Хуже всего было по субботам. Я приезжала домой на уикенд, чтобы отдохнуть и отоспаться после всех недоспанных ночей, а тут Сташек устраивал побудку и в пять утра затевал уборку. Сперва мытье окон, потом выбивание дорожек и смена постельного белья.
— Ирек пройдется пылесосом, а Малинка займется стиркой, — распределял он обязанности.
— А я? — игриво спрашивала мама.
— А ты отдыхай. Ты должна беречь себя. На три часа я записал тебя к парикмахеру. Только возвращайся сразу же, потому что в пять полдник. Пылающее мороженое.
— У Сташека явно с чердаком не в порядке, — сказал мне однажды Ирек. — Он почти не спит.
— Откуда ты знаешь?
— Да как-то я несколько раз вставал отлить. Было уже здорово после полуночи, а он сидит перед телевизором, в руке пульт, и скачет с программы на программу. За десять минут он переключился сто двадцать раз.
— Ты что, считал?
— Ты же знаешь, я все считаю.
— Но это еще не симптом болезни. Я имею в виду, разумеется, Сташека.
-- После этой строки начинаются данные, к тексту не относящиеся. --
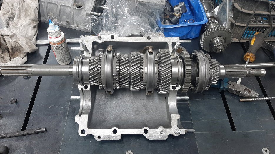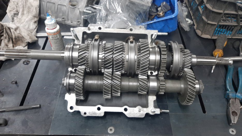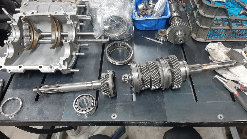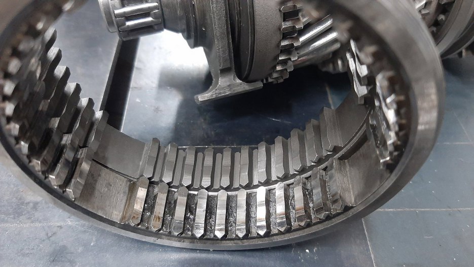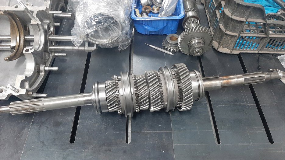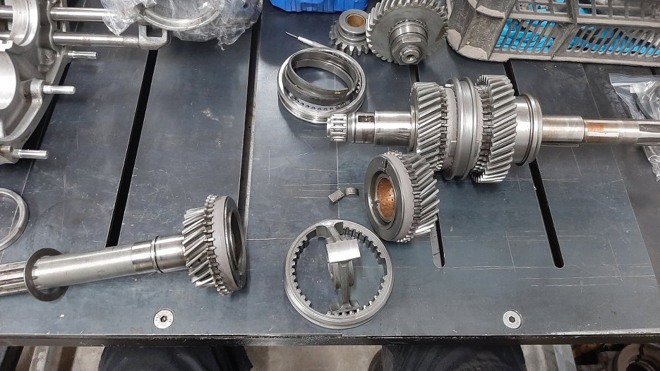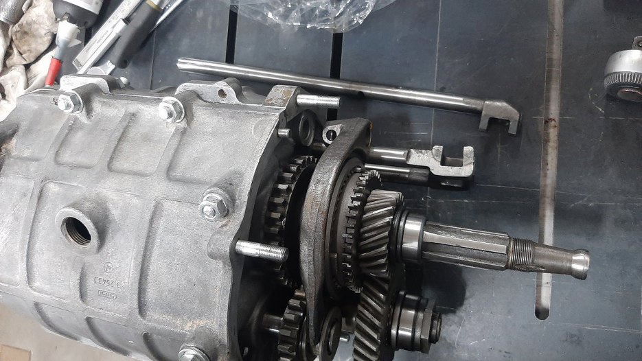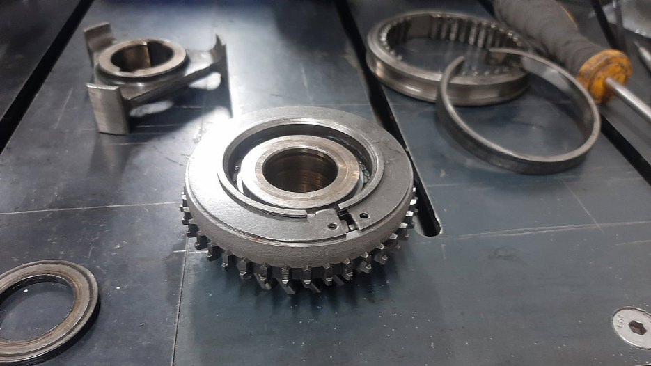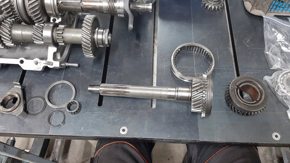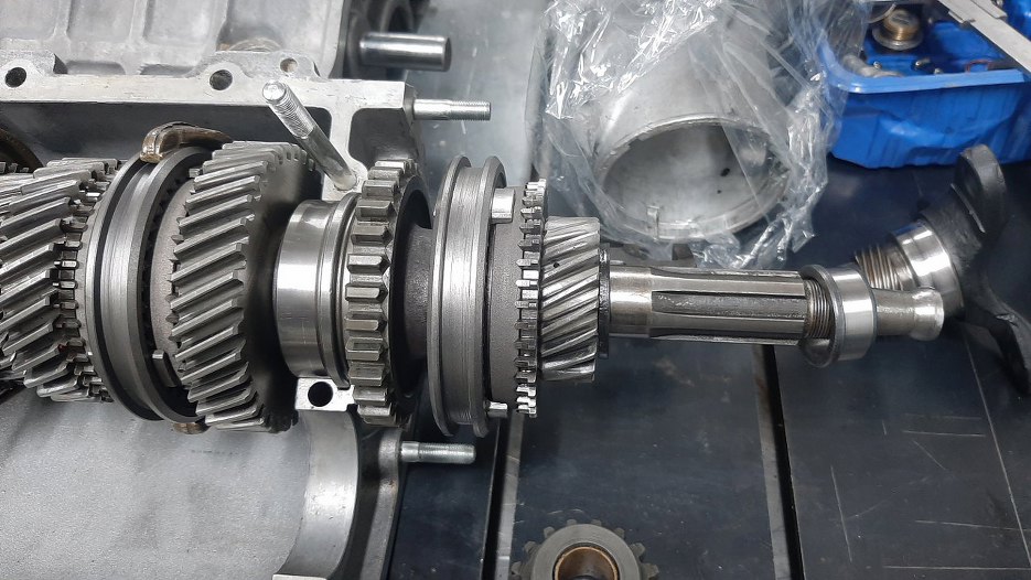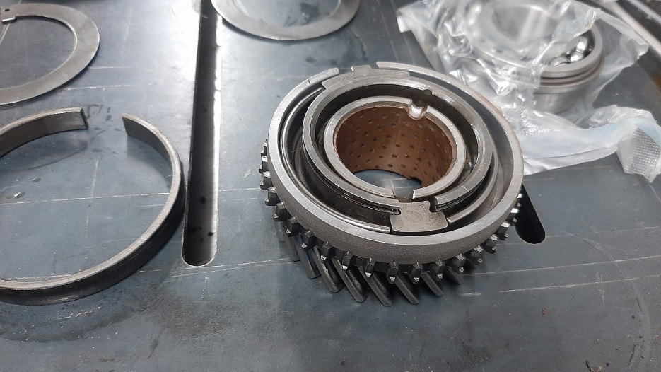 Włożyłem wałek główny do obudowy skrzyni. Założyłem koła zębate wstecznego i piątego biegu na miejsce. To koło synchronizatora też jest nowe.
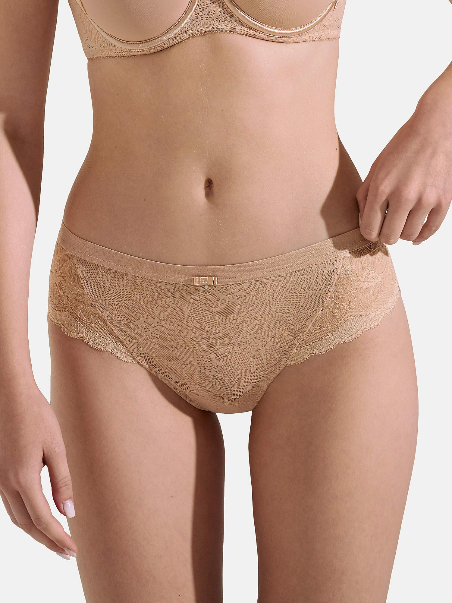 L'intreccio di sezioni di pizzo trasparente e opaco assicura una sottile femminilità. Uno stile leggero e femminile che offre il comfort di tutti i giorni, è realizzato in attraente pizzo elastico, allacciato con morbido tessuto a maglia. I dettagli glitterati conferiscono alla lingerie un tocco di eleganza. Questa lingerie è la scelta perfetta per le amanti della lingerie senza tempo con un tocco romantico, lingerie femminile ed elegante da indossare tutti i giorni.
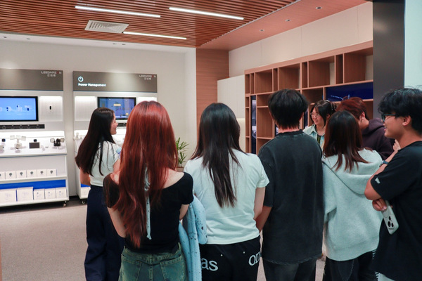 在产品展示区,工作人员向师生重点展示了立达信多款荣获行业大奖的明星产品。这些产品集设计感、实用性与环保性于一身,让同学们对物联网产品的市场价值以及企业的创新精神有了直观的认识。
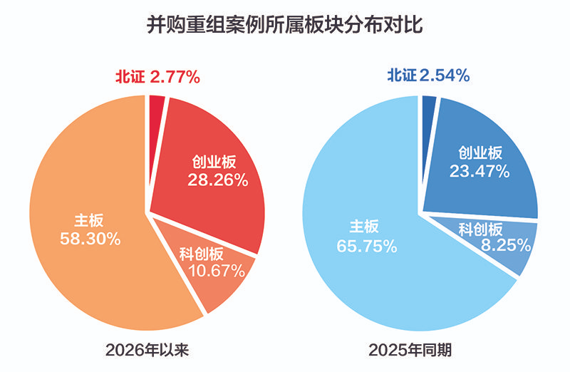 硬科技领域是2026年并购重组的主战场。分板块来看,主板企业并购数量仍占据绝对优势,交易数量占比约58.3%,但相比上一年降低超7个百分点,反映出传统行业并购从“规模扩张”向“精益整合”的转型趋势;代表硬科技领域的双创板块(创业板 科创板)合计占比增至近38.9%,较去年同期提升约7个百分点,逐步成为并购市场的主力;北交所占比2.77%,较上一年同期略微提升,其“专精特新”定位与中小市值科技企业特性,为并购市场提供了差异化补充。整体而言,双创板块并购的加速正在改变A股生态,半导体、人工智能、生物医药等硬科技细分领域并购活跃度显著提升。
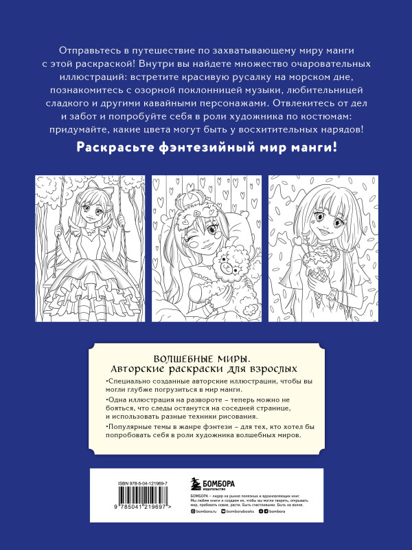 Плотная белая бумага, потрясающие авторские иллюстрации — эта раскраска подойдет как для начинающих, так и для продвинутых художников. Раскрасьте фэнтезийный мир манги!
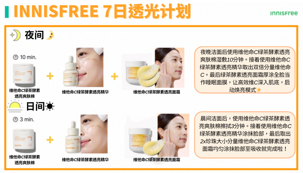INNISFREE 7日透光计划⏳——想要透亮美肌,正确使用超关键!💛
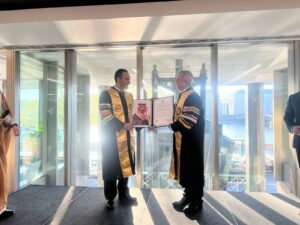 شهد سعادة الأستاذ الدكتور إسماعيل عبد الغفار إسماعيل فرج رئيس الأكاديمية فعاليات حفل تسليم شهادة الدكتوراه الفخرية الممنوحة من الأكاديمية العربية للعلوم والتكنولوجيا والنقل البحري إلى صاحب السمو الملكي الأمير خالد بن بندر بن سلطان آل سعود ، سفير خادم الحرمين الشريفين لدى المملكة المتحدة ورئيس جمعية المنظمة البحرية الدولية.
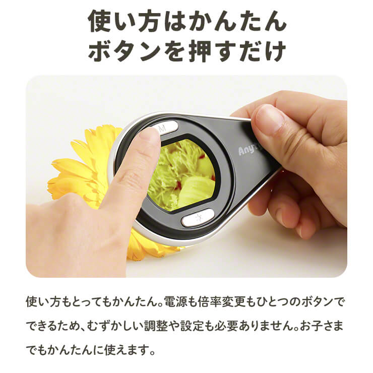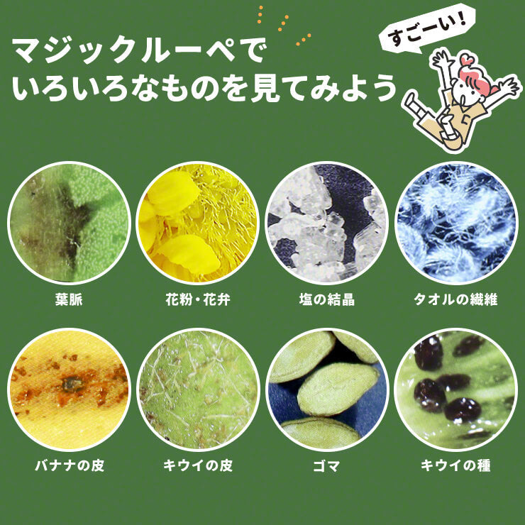 マジックルーペは、最大14倍の倍率で対象物を映し出すことができる、小型のデジタルルーペです。液晶ディスプレイに鮮やかな画像を表示できます。子供の手のひらに収まるほどのコンパクトサイズ。普段見ている植物や生き物も、マジックルーペで拡大してみると、新しい発見がいっぱいです。子供の好奇心を刺激し、自然や科学への興味を育むのに最適なアイテム「マジックルーペ」ぜひ、お子様と一緒に、小さな世界を大発見してみてください。
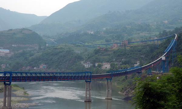 在随后召开的安康市尧柏水泥有限公司管带机项目座谈会上,县委副书记曾朝阳致辞,县政府副县长张继盈作了讲话。据了解,该公司使用的管带机系统由四川自贡运输机械有限公司设计建设,于2008年5月开工,2009年11月11日建成运行,各项指标均达到设计指标,运行正常。管带机项目总投资1.2亿元,全长7.3公里,翻越3座山、横跨两条河、下穿西康铁路、上跨102省道,最高达78米。设置27个电子监控点、最大坡度18度,是“世界工况最复杂、输送量最大、亚洲第一”的皮带廊工程。自管带机投入运营以来,系统运行稳定可靠,环境噪音低,无排尘扬尘,无安全隐患,物料运输高效,统有效地解决了石灰石运输的环境污染、交通安全及受天气制约等瓶颈问题,实现了经济效益、环境效益和社会效益的大丰收。
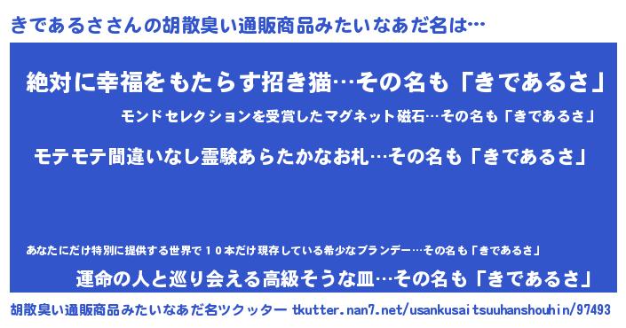 | 肩書あだ名 | 『きであるさ上級大将』『きであるさ社長』 |
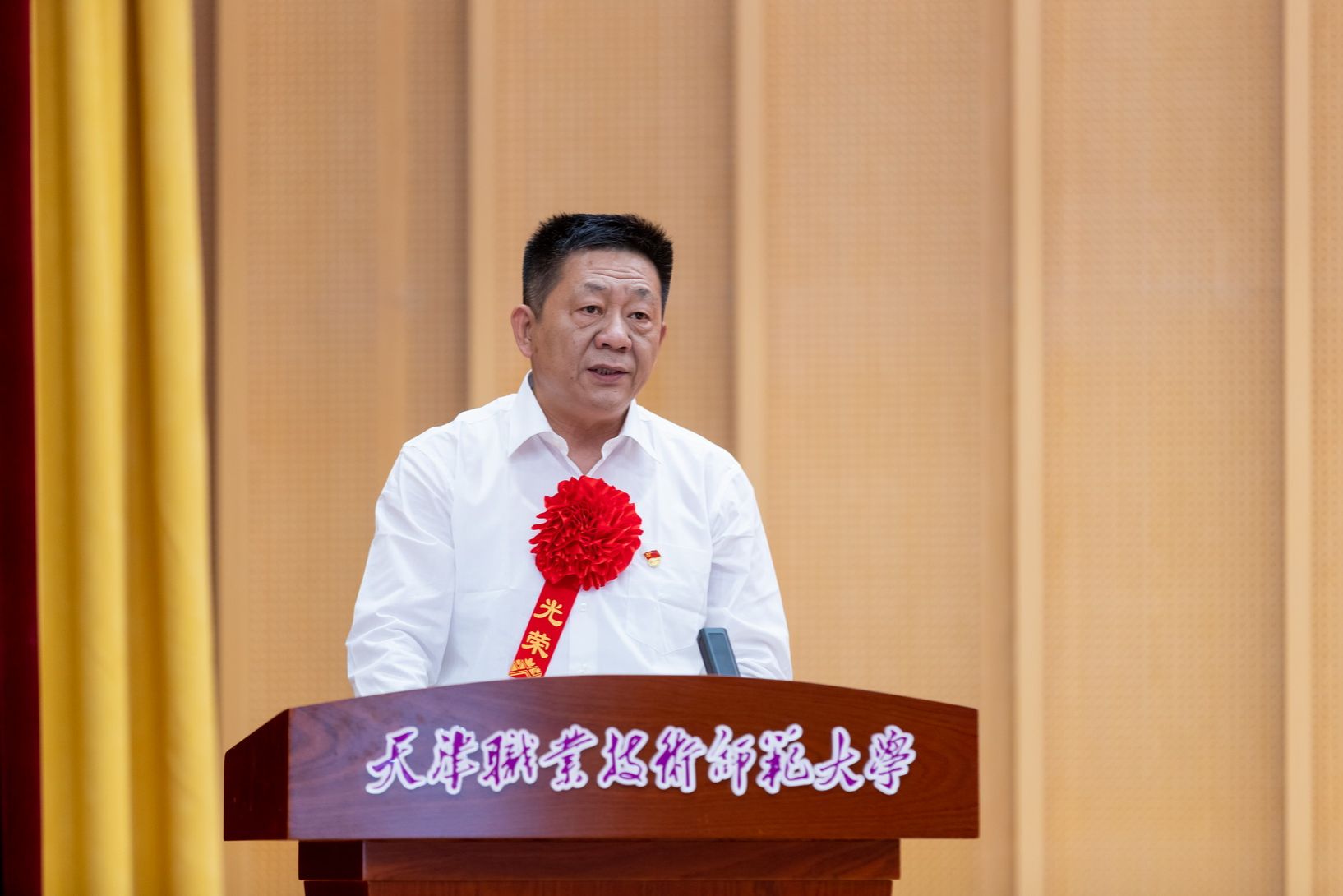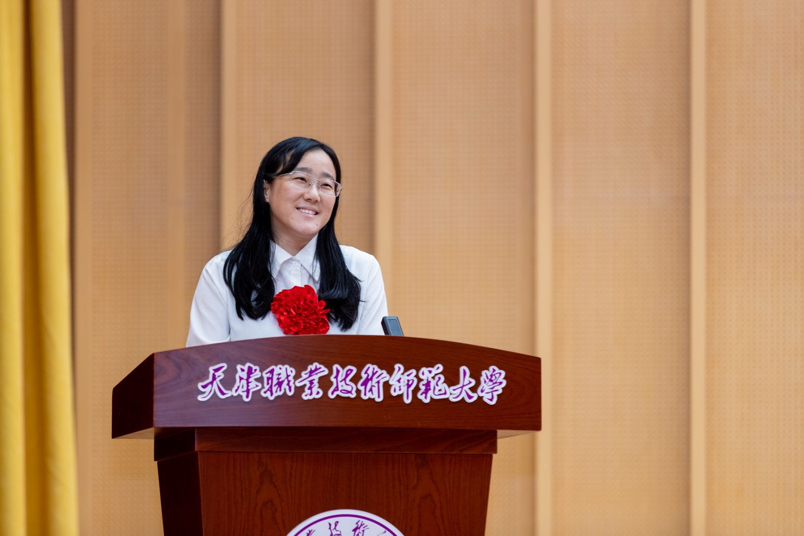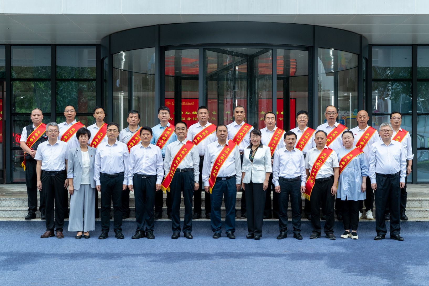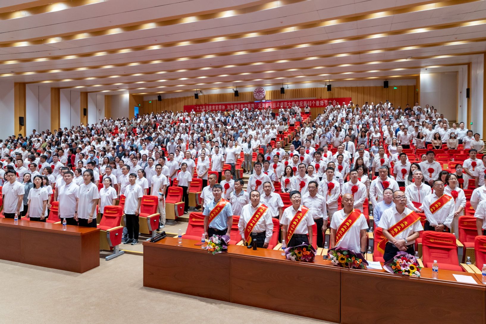 年夜会为光彩从教谦310年教员工的发表文凭并举办献花典礼。预会指导为新进职老师代替佩带校徽,齐体新进职教员里背《群众老师誓言》停止发誓。
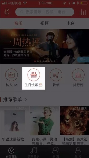 网易云音乐在用户生日时会变成「生日快乐」的蛋糕样式,点击进去的音乐列表,第一首歌是生日歌,让人心里暖暖的。
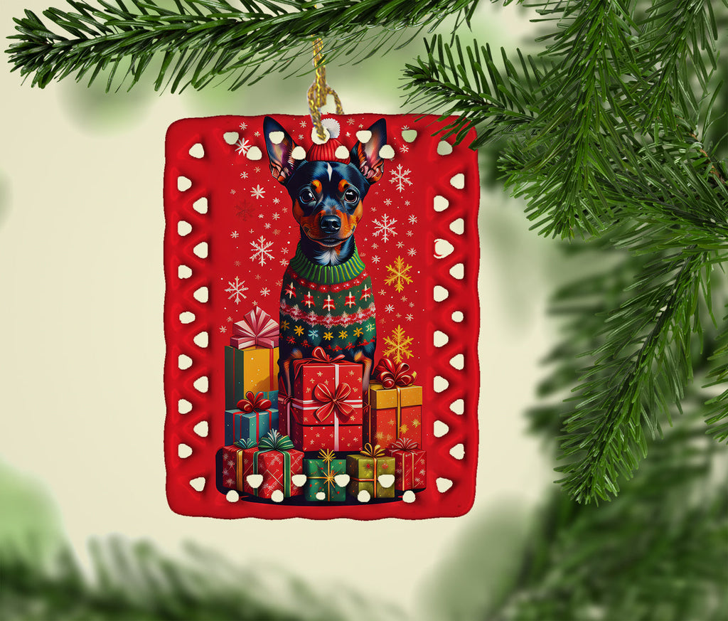 Porcelain Ornament featuring breed specific Miniature Pinscher artwork. Celebrate Christmas with this Christmas Ornament. Add a unique, personal touch to your holiday decor with our Rectangular Lattice Porcelain Ornament. Perfect for creating cherished memories, this high-quality ornament shines under festive lights, reflecting warmth and joy throughout your Christmas tree. Crafted with a glossy finish, it showcases vibrant, full-color artwork contributed by our talented artists, ensuring your tree is adorned with a burst of color and holiday spirit. What sets this Porcelain Ornament apart is its customizable white back. Use a paint pen or permanent marker to write a heartfelt message, commemorate a special year, or mark an unforgettable date, turning this ornament into a keepsake that will be treasured for years to come. For best results, allow any personalization to dry thoroughly before handling. Each ornament comes complete with a delicate gold cord, making it easy to hang and display. Proudly made in the USA, this ornament measures 3.375 x 2.625 inches and is a thoughtful gift for pet sitters, teachers, family members, or anyone who would appreciate a little extra holiday magic. Bring style, charm, and a touch of personal meaning to your Christmas tree with this beautifully designed ornament..
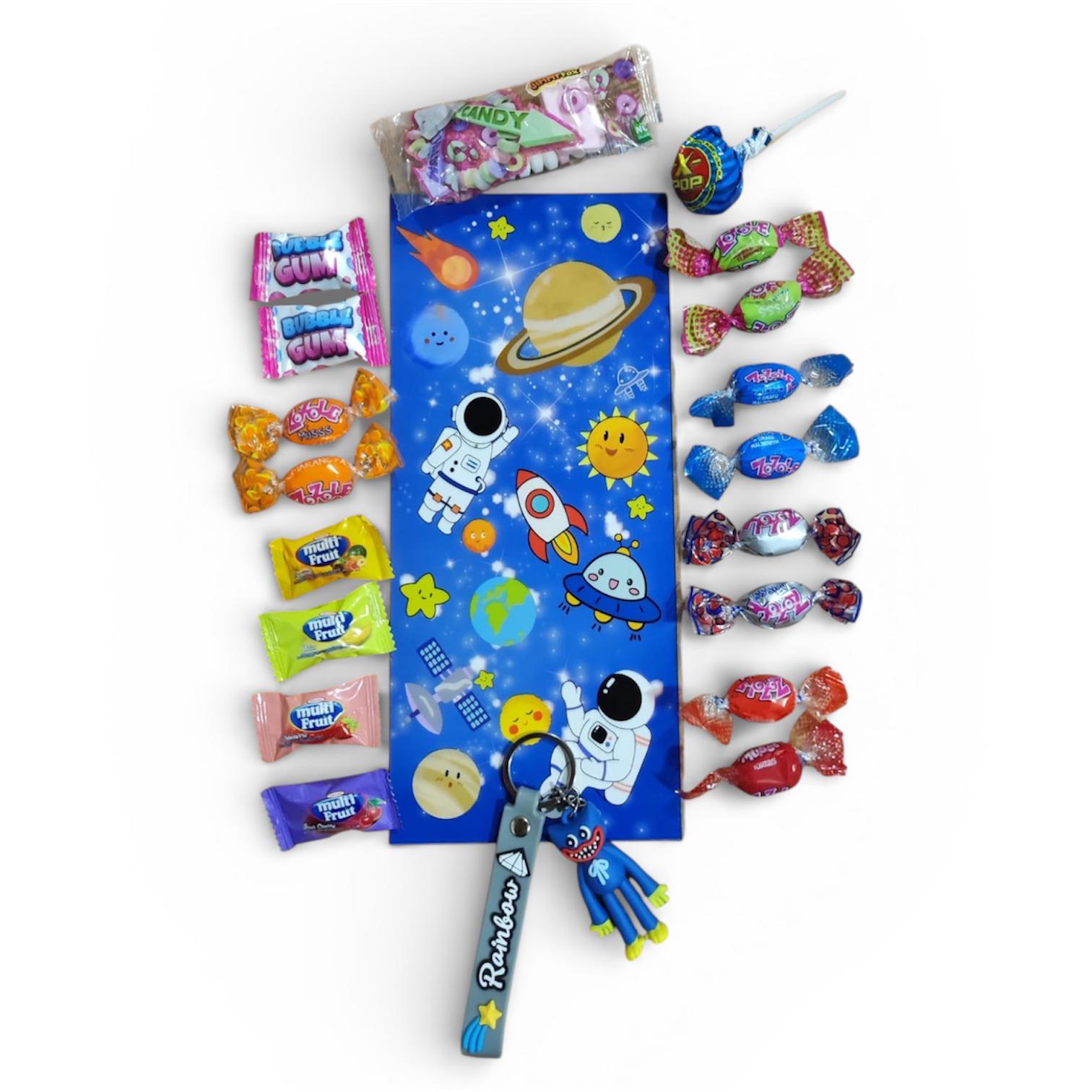 Vesmírný bonus: Na začátek každého balíčku přidáváme stylový sáček s vesmírným motivem, který obsahuje klíčenku, lízátko a další drobné sladkosti.

— Само переключение нет, но вместе с другими фактами... Ты ведь долго не приезжала и не знаешь, что тут происходит.
— Пожалуйста, конкретные данные, — использовала я любимую формулу Иолы.
— Началось это в сентябре, когда я вернулся с каникул. Сташек жил с нами почти пять месяцев и пока что вел себя нормально, если не считать идиотств с уборкой в шесть утра и ежедневной ванны для мамы. Но пришел сентябрь и с ним урожай груш. Как-то нас навестила сестра Сташека и между делом брякнула, что у нее некому собрать груши. Она уже наконсервировала их в разных видах на десять лет вперед. Скупщики платят гроши, так что нет смысла уродоваться. И если кто-то не сжалится и не оборвет их, они сгниют. Сташек бросил только: «Завтра я оборву». Меня это слегка удивило, потому что к семи тридцати ему надо было на работу. А поскольку он работал теперь по две смены, то пришел бы поздно вечером. В сентябре же, как тебе известно, в девятнадцать тридцать уже темно. Разумеется, зависит, идет речь о начале или о конце месяца. А было это третьего сентября.
— Слушай, переходи к фактам, — попросила я. Ирек иногда любит растекаться мыслью.
— Так это и есть факты. На следующий день я встаю в седьмом часу, а Сташек в переднике заканчивает чистить очередную порцию груш. «Когда ты успел их собрать?» — спрашиваю я. «Между четырьмя и шестью», — отвечает. «А когда же ты туда поехал?» — «Поездом в три пятнадцать, а вернулся пассажирским в шесть ноль две».
— Но в сентябре в это время темно. Как он рвал?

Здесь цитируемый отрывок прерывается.